Photo: Flickr.com / Trialsanderrors CC BY-SA-ND

Decarbonising European shipping

Powering ships with batteries, hydrogen or ammonia will decarbonise the European fleet and require only half the amount of renewable electricity that less efficient solutions like synthetic methane or synthetic diesel will need, according to a study by sustainable transport group Transport & Environment (T&E).

Battery-powered ships offer the most efficient and immediate solution to decarbonise short sea voyages within the EU. Longer journeys will ultimately require liquid hydrogen and liquid ammonia produced with zero-emission electricity. Powering ships calling at EU ports with a combination of the three would require around 25 per cent additional renewable electricity compared to total EU electricity production today, the analysis finds. This is a considerable amount but still half of what is required by other options like synthetic methane or synthetic diesel.

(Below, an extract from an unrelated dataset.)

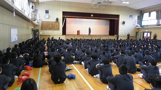 まず、校長先生から、城東区の女子中学生全員に配布された「防犯ブザー」についての説明がありました。いろいろな犯罪に巻き込まれる危険から身を守るためにも、外出・通学の時に、カバンにつけましょう。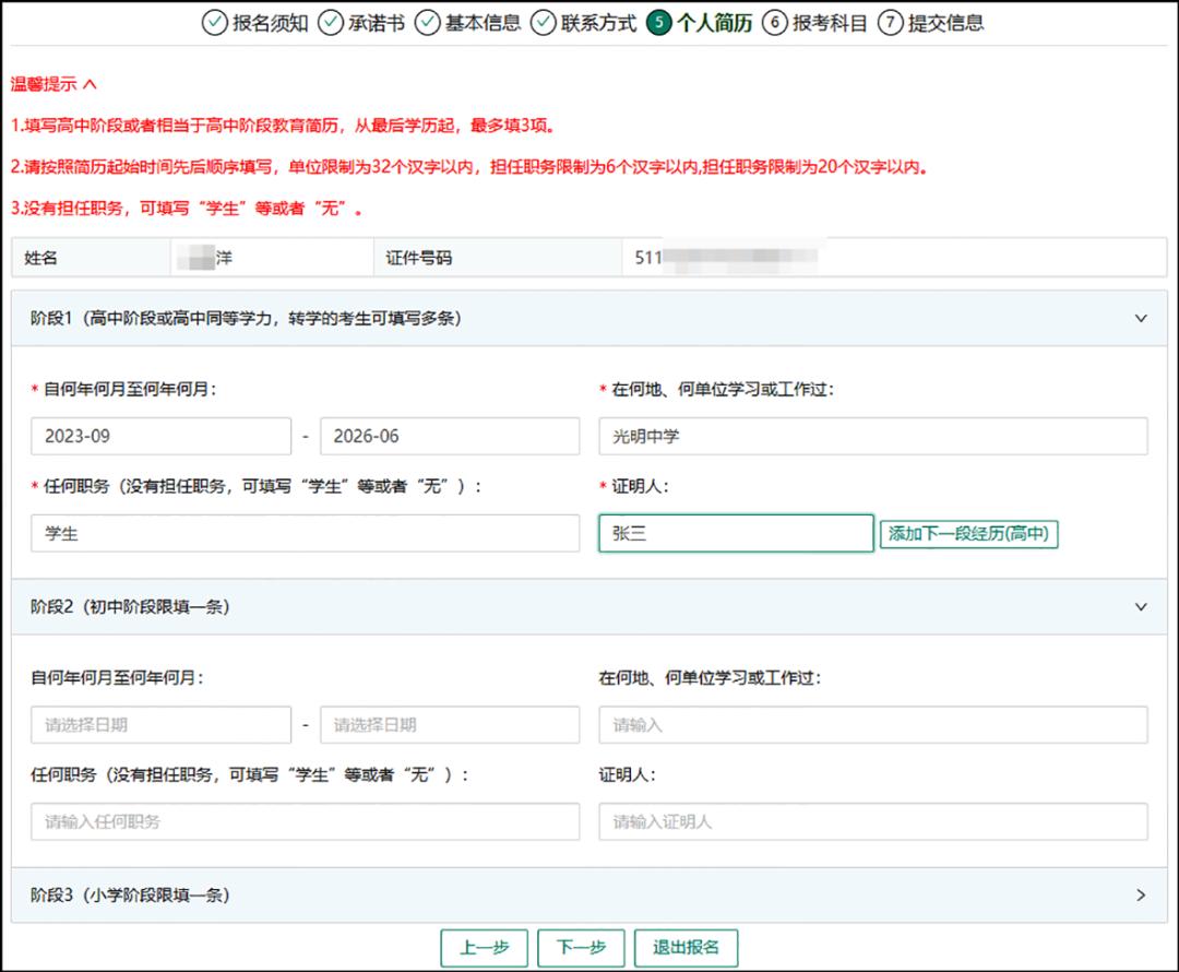 个人简历须填写至少一个阶段的简历,考生如果在高中阶段存在转学等情况,则可点击“添加下一阶段经历(高中)”增加转学阶段的简历,最多可添加2段高中简历。

Further investment in gas bunkering infrastructure would lock EU countries into using LNG, which does not offer a path to decarbonisation and in some cases is worse than other fossil fuels. Faig Abbasov, shipping officer at T&E, concluded: “We need to avoid wasting lots of time and money on solutions that can’t deliver shipping decarbonisation. The biggest pitfalls are biofuels, which can’t be scaled or enforced sustainably, especially in shipping. LNG and synthetic methane are other dead ends due to methane leakage and enforcement problems.”